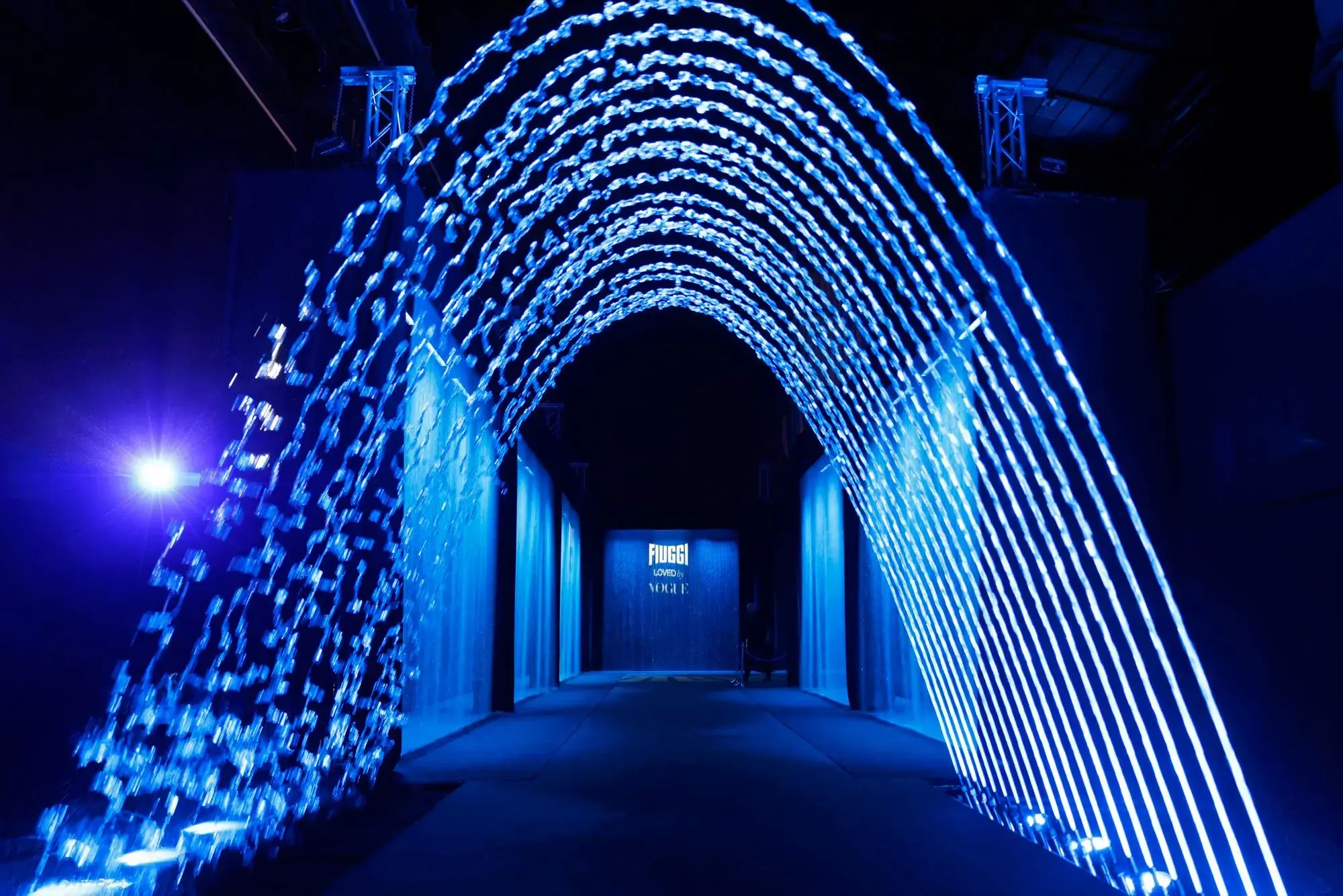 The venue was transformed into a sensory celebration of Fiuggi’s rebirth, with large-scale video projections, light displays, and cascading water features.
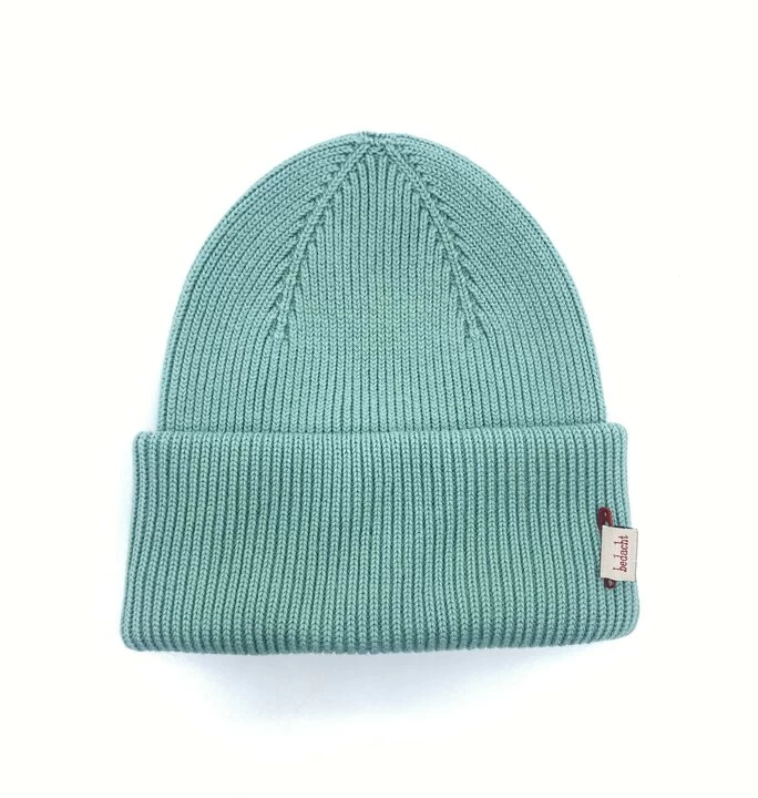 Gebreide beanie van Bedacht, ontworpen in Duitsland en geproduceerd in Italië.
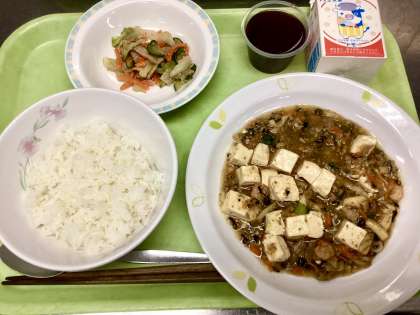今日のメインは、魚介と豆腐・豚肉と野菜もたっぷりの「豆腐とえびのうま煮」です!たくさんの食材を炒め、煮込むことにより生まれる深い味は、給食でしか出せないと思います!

## How to complete this task
Return all of the lines above without alteration, minus the pictures.

## Solved problem
 The venue was transformed into a sensory celebration of Fiuggi’s rebirth, with large-scale video projections, light displays, and cascading water features.
 Gebreide beanie van Bedacht, ontworpen in Duitsland en geproduceerd in Italië.
今日のメインは、魚介と豆腐・豚肉と野菜もたっぷりの「豆腐とえびのうま煮」です!たくさんの食材を炒め、煮込むことにより生まれる深い味は、給食でしか出せないと思います!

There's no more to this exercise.